L’expérience de l’insécurité



Avec pudeur, les Haïtiens, du moins ceux qui ont le droit à la parole audible, ont toujours parlé d’un sentiment d’insécurité qui prévaut dans le pays comme pour atténuer le poids des cadavres et pour garder la face vis-à-vis des autres. Combien de fois, des personnes concernées comme un secrétaire d’État à la Sécurité publique, un chef de la Police, un responsable politique poussé au pied du mur ont-elles sorti l’inusable concept de « sentiment d’insécurité » pour justifier le mal ?
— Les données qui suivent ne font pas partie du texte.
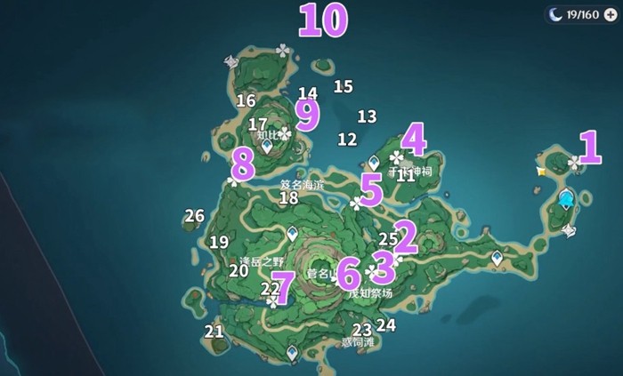 最后一个在整个鹤观地区的最西北方,也就是在知比山北面的沙滩上,位置比较好找,就不再赘述了。
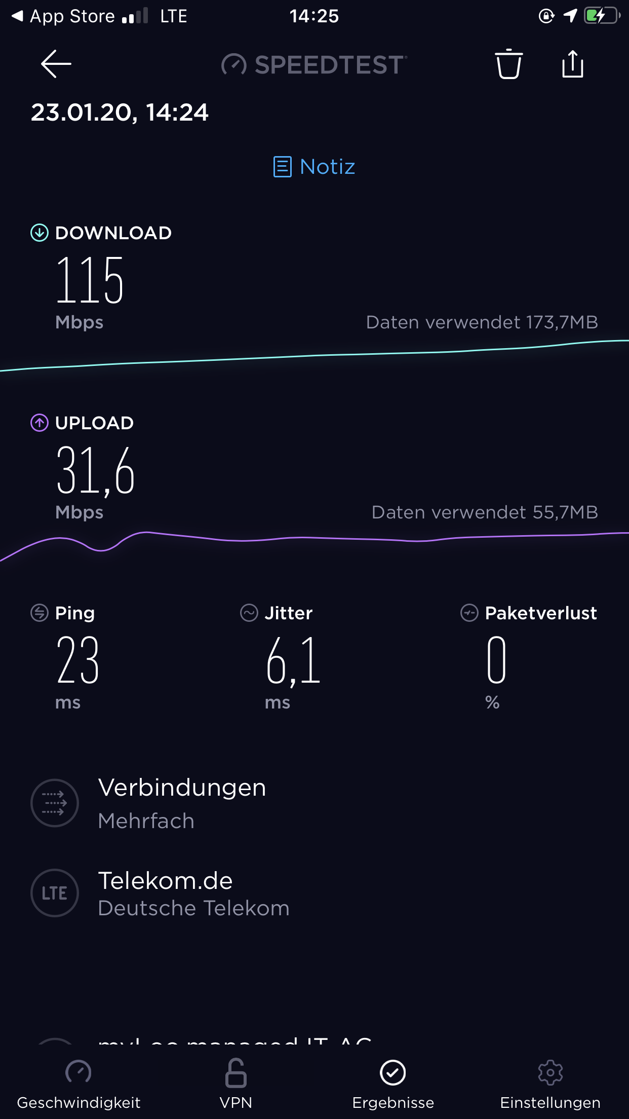 Da sieht die Telekom keinen Stich. Und dabei ist das sogar ein Hybrid Vertrag mit 50 MBit. D.h. O² kommt mit nem Free S auf die fast vierfache Geschwindigkeit als die Telekom mit DSL + LTE die damit knapp 33% des Solls meines Vertrages erreicht.
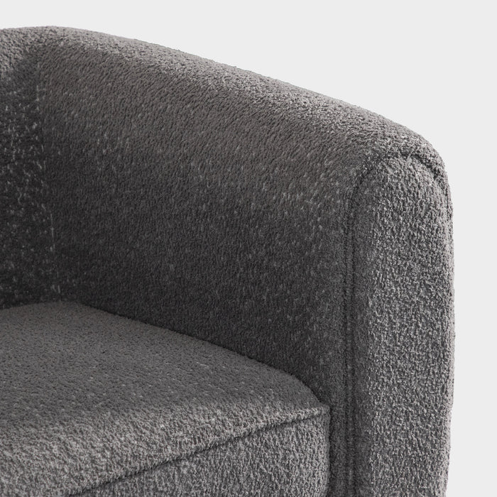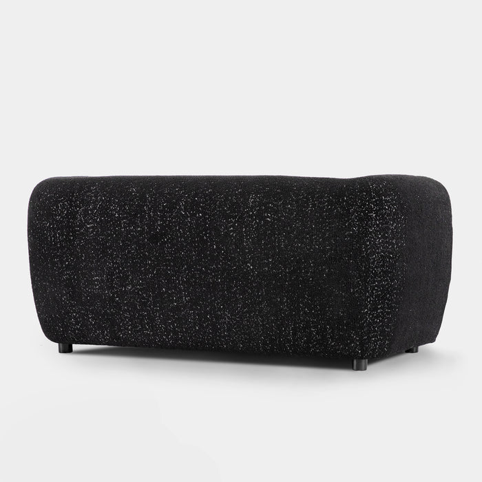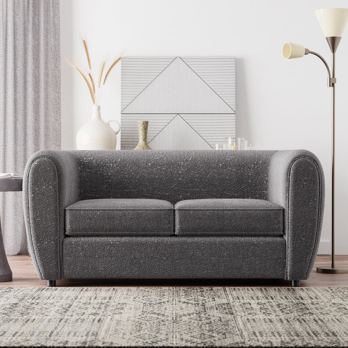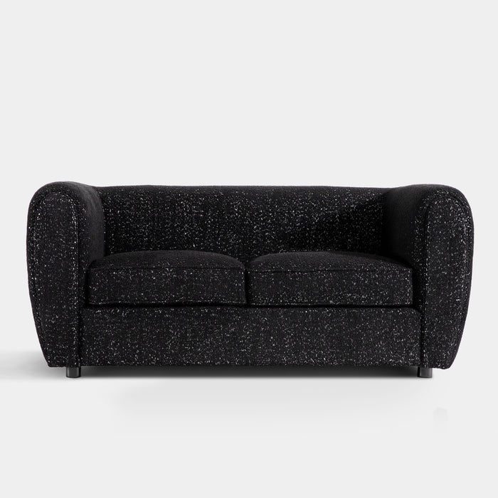 Our boucle loveseat is a harmonious blend of style and comfort. Wrapped in exclusive boucle fabric with a subtle metallic glimmer, it features an elegant tuxedo style that makes a statement without overpowering your space. The wooden legs add a timeless appeal, and with color options like off-white, charcoal gray, and black, it's designed to complement any room's palette.
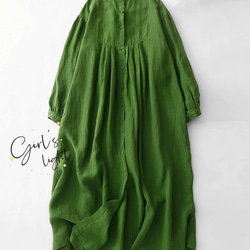 癒し系のグリーンで、着ていると気持ちがほっこりします。優しい印象のグリーン系のワンピースはあまりないので、購入して良かったです!
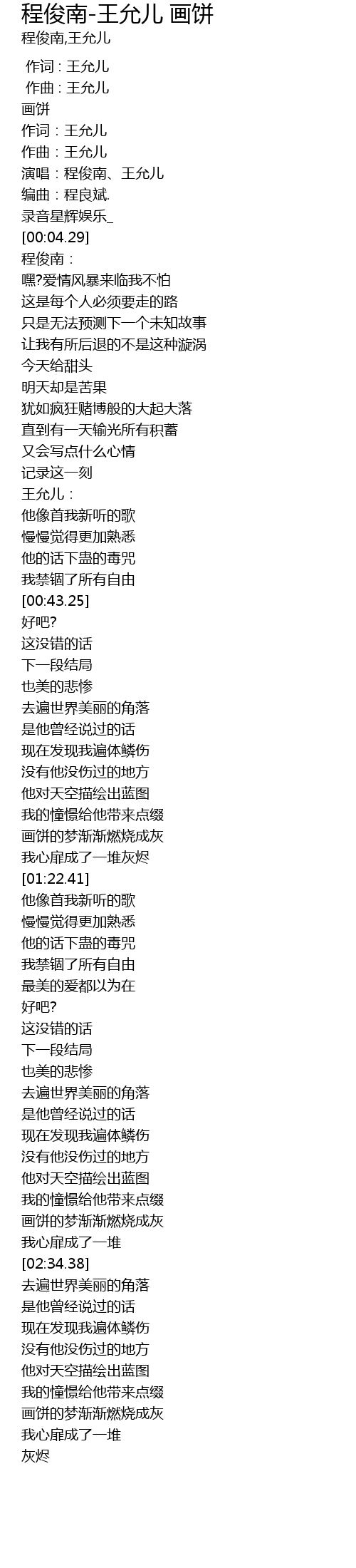 | [00:02.54] | 演唱:程俊南、王允儿 |
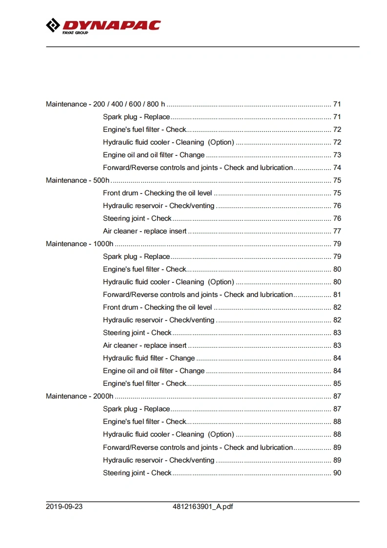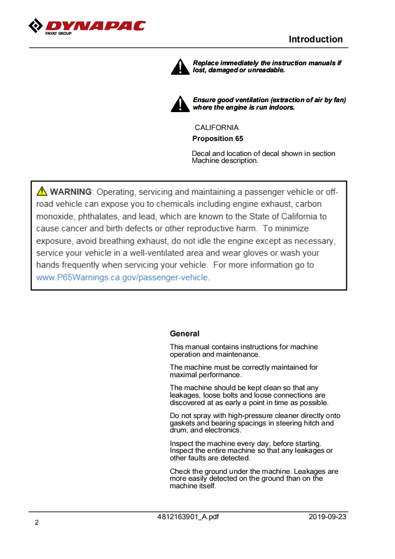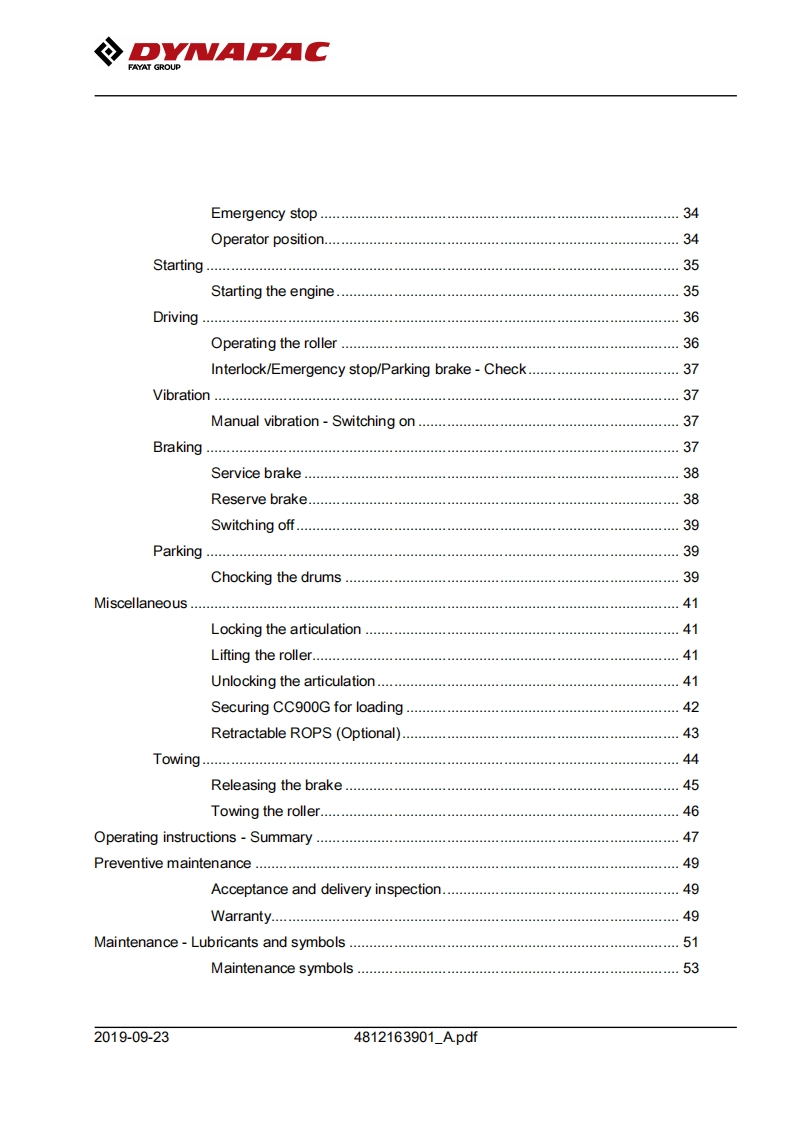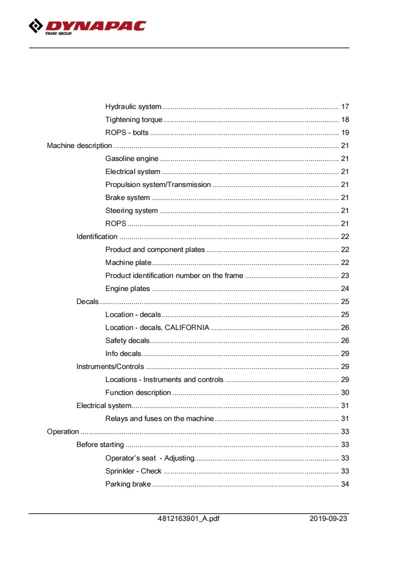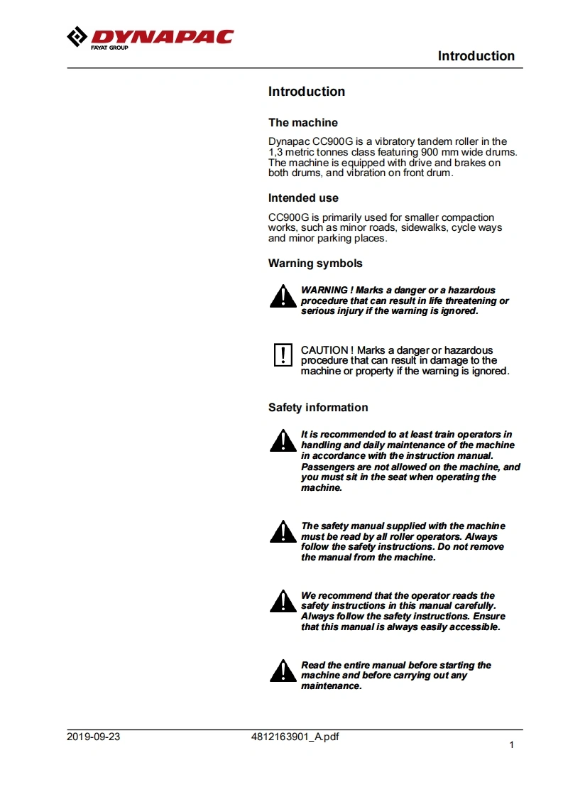 Dynapac戴纳派克-CC900G操作与维护手册找手册网7天前发布关注私信10.82MB104页026Dynapac戴纳派克-CC900G操作与维护手册此内容为付费资源,请付费后查看¥29¥31黄金会员免费钻石会员免费登录购买付费资源 第1页 / 共104页 第2页 / 共104页 第3页 / 共104页 第4页 / 共104页 第5页 / 共104页 第6页 / 共104页 第7页 / 共104页 第8页 / 共104页 第9页 / 共104页 第10页 / 共104页 试读已结束,还剩94页,您可下载完整版后进行离线阅读 THE END约翰迪尔/戴纳派克 文本预览 DVMAPACFAYAT GROUPInstruction manualOperating Maintenance4812163901A.pdfVibratory rollerCC900GEngineHonda GX630RH QYDSerial number10000303XxA023833-Translation of original instructionReservation for changesPrinted in SwedenEN 查看更多 收起部分 喜欢就支持一下吧收藏
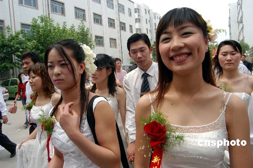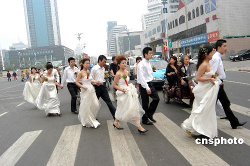 5月18日,山东潍坊50对准新人参加了由“潍坊名门婚纱影楼”组织的婚礼“预演”。这项国内罕见的创举,受到了许多准新人的欢迎,报名十分踊跃。作者:王志德
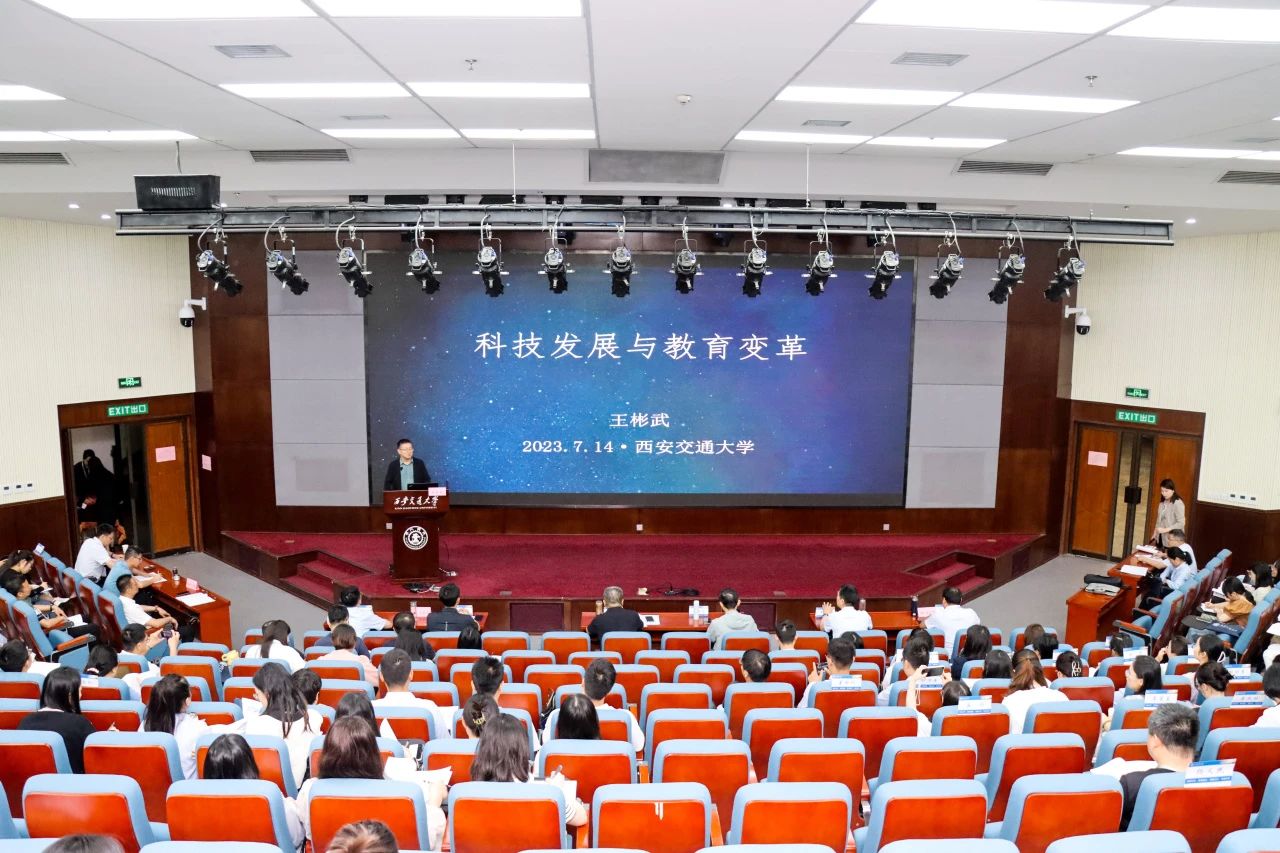7月14日上午,威廉希尔足球官网素质能力提升培训班经济类、理工类、文科类、公共类参训学员齐聚西安交通大学科学馆,陕西省教育厅教师工作处处长王彬武为学员们带来《科技发展与教育变革》主题讲座。王处长从基础研究和教育科学的关系、卡脖子问题是怎么产生的、科学与技术的关系、文化观念与科学思维的关系等方面进行讲授,引经据典,发人深省。
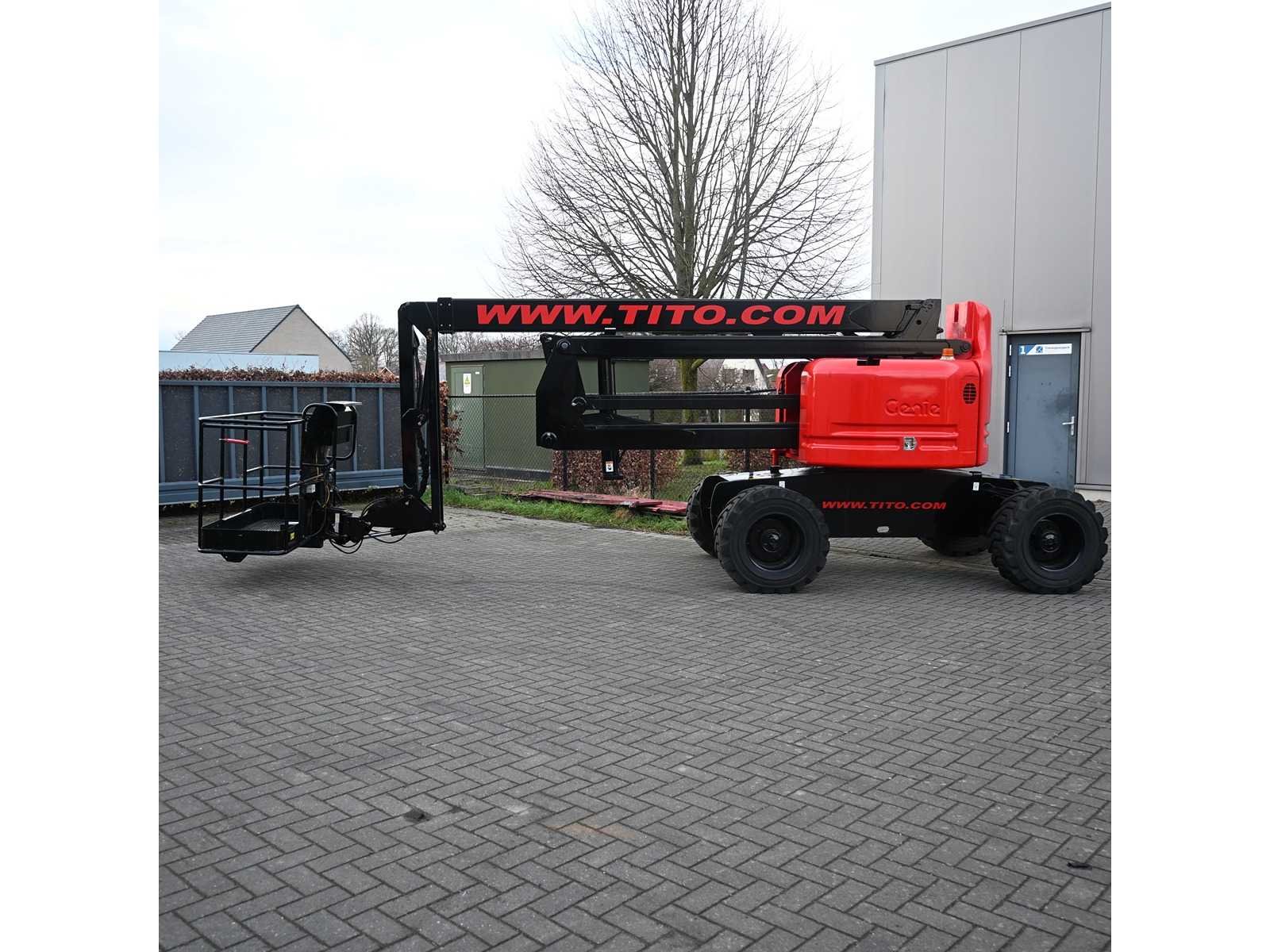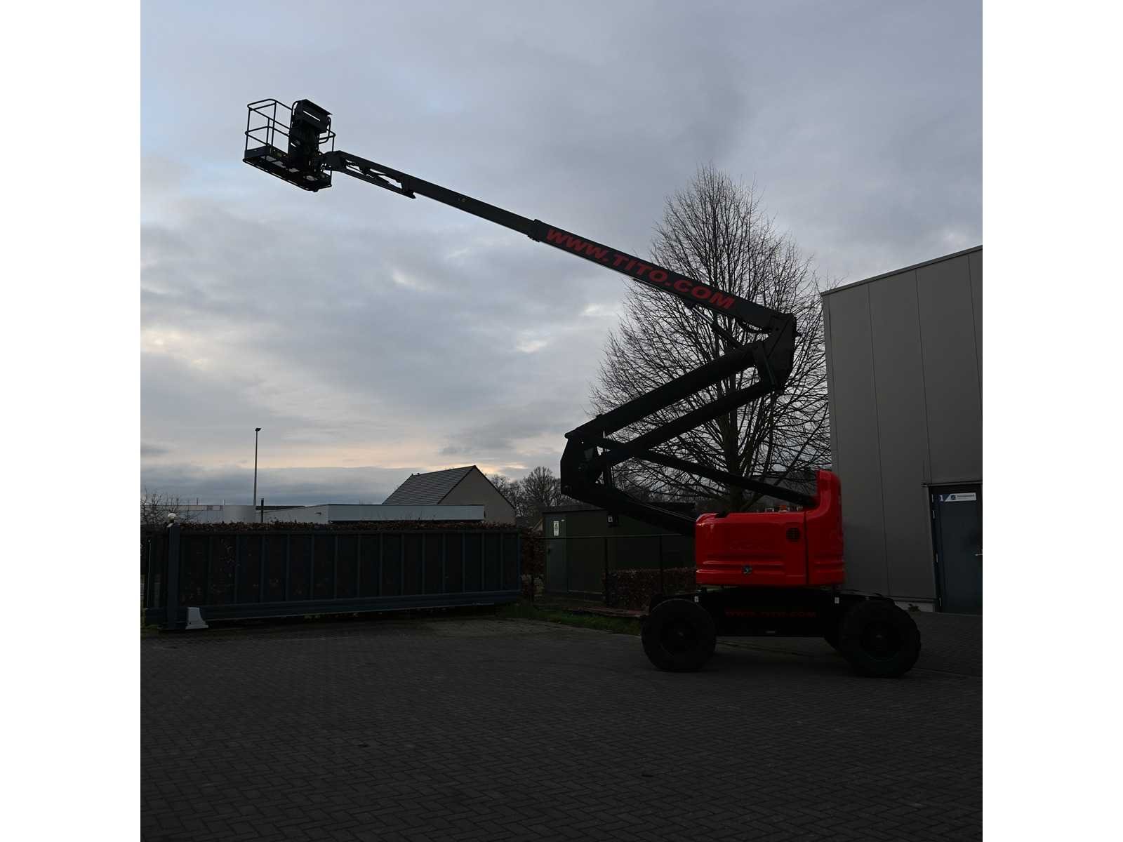 No Merk: Genie Type: Z-60/34 Bouwjaar: 2005 Diesel: true Motorvermogen (kW): 35.8kW Knikarm hoogwerker: true Werkhoogte: 20300mm Horizontale rijkwijdte: 18300mm Platform capaciteit: 227kg Afgelezen urenstand: 3180 Eigen gewicht: 10126kg Totale afmeting L: 8000mm Totale afmeting Breedte: 2450mm Totale afmeting Hoogte: 2650mm Leveringsvoorwaarden: Gratis op vrachtwagen

Les fusillades de ce week-end à Los Pasos et dans l’Ohio aux États-Unis ont apporté de l’eau au moulin qu’il faut banaliser en Haïti, les actes isolés de jeunes qui ont grandi dans un environnement traversé par la violence, les conditions de vie précaires et la démission des familles. Comme s’il fallait se réjouir de ne pas avoir affaire en Haïti à des jeunes suprématistes haineux, mais plutôt à de misérables paumés, victimes des ghettos, qui font plus de peur et plus de bruit que de mal.

Non, il ne s’agit pas simplement d’un sentiment d’insécurité que les citoyens expriment pour dire du mal du pays ou pour faire du tort aux dirigeants. Nous vivons, en Haïti, une expérience polyforme et pernicieuse de l’insécurité.

Il ne s’agit pas non plus d’un déni des conditions de la vulnérabilité qui peuvent affecter l’équilibre mental d’un groupe social. Car, contrairement au sentiment d’insécurité, l’expérience de l’insécurité se traduit par l’intensité des preuves matérielles, car elle laisse des traces. Trop de fois douloureuses. Nous tremblons tous devant le recours trop facile à la criminalité de sang. Le jeudi 1er août, le jeune citoyen Peterson Paul est enlevé, humilié en présence de sa femme. Son corps sans vie a été retrouvé à Grand-Ravine quelques heures plus tard. Deux jours avant, une infirmière a été abattue dans la même zone. Peut-être qu’il n’y aura jamais une démarche de la justice, une enquête de Police pour faire semblant de traquer les criminels et, par ricochet, convaincre les familles éplorées de la possibilité de croire dans une protection de l’État. Pendant cette même période, les accidents de la circulation répertoriés, évidement pour des raisons ahurissantes de négligence, ont fait plusieurs morts et des dizaines de blessés. Ces faits sont imprimés sur un fond de dégradation écologique chronique, de l’inefficacité des structures sanitaires, des inégalités sociales, du règne arrogant de l’impunité et de la constance des manœuvres de captation de toutes les ressources du pays par un petit groupe.

Ce n’est nullement étonnant qu’Haïti occupe la 182e place sur les 190 pays notés dans le dernier rapport Doing Business.

Il ne reste plus rien à nier. Le pays fait l’expérience de l’insécurité.